The capacity of the theater is about 1,500. It was the first totally air-conditioned theater, using an underground system of air distribution.

The frontispiece was decorated with a 120-m^{2} fresco of Enrique Segura. When the building was abandoned, it was damaged by humidity and was replaced by a big shell of wood to improve the acoustics.

===Tower===
With a height of 117 m, the tower is modeled after that of Giralda, the bell tower in the Cathedral of Seville. An elevator brings visitors to the balcony to enjoy sweeping views of Gijón.

The tower of the Universidad Laboral is the tallest building in Asturias and the tallest stone building in Spain.

==Current uses==
Several institutions are located in the main building, such as LABoral Centro de Arte y Creación Industrial, faculties of the University of Oviedo, the Drama High School of Asturias and the Professional Music School of Gijón. Laboral Ciudad de la Cultura was inaugurated in 2007.
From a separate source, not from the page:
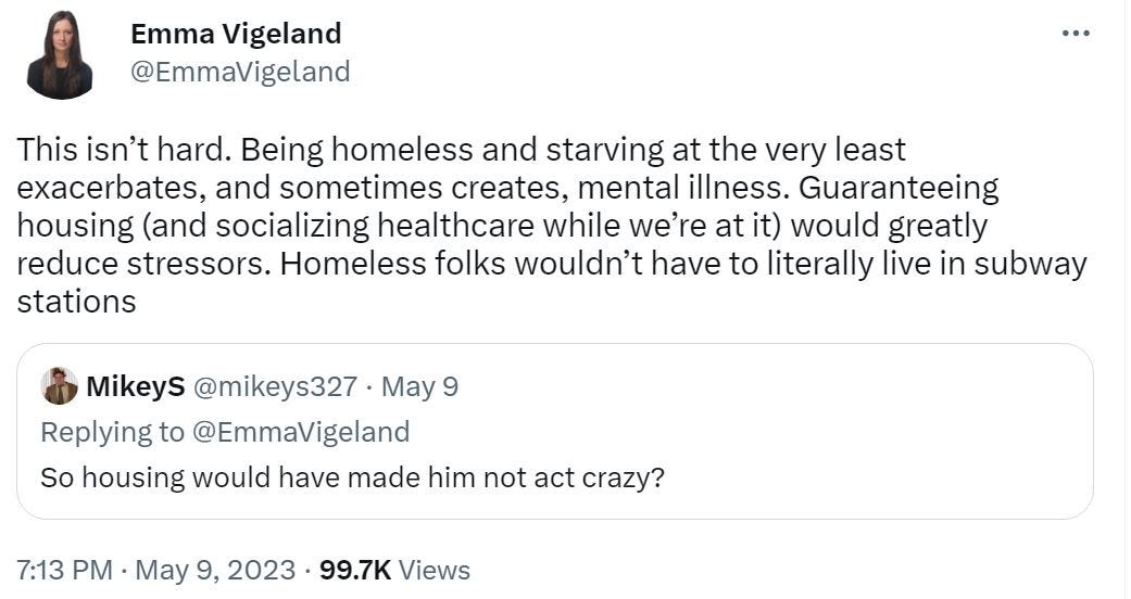 Vigeland has also echoed another common progressive argument: that homeless people suffering from mental health crises are primarily victims of homelessness and poverty.

In the rest of the lands bequeathed by the José Antonio Girón Foundation to the Universidad Laboral, other new facilities were created. In the Lloreda farm, a municipal golf course was created and in the Agronomic farm of Somió, the High School of the Universidad Laboral was built. The old convent of the Clarisas is now the headquarters of the Radiotelevisión del Principado de Asturias. The Hospital of Cabueñes, the municipal morgue, the Scienfic and Technologic Park and the Campus of Gijón, as part of the University of Oviedo, now occupy the former sporting grounds.

The world center of Research and development of the German multinational ThyssenKrupp is located In the northern wing, with a building of about 2,000 m^{2}.

The Universidad Laboral has been used in several films, including those of the Spanish director José Luis Garci, La gran aventura de Mortadelo y Filemón and Fuga de Cerebros, which stood in for Oxford University.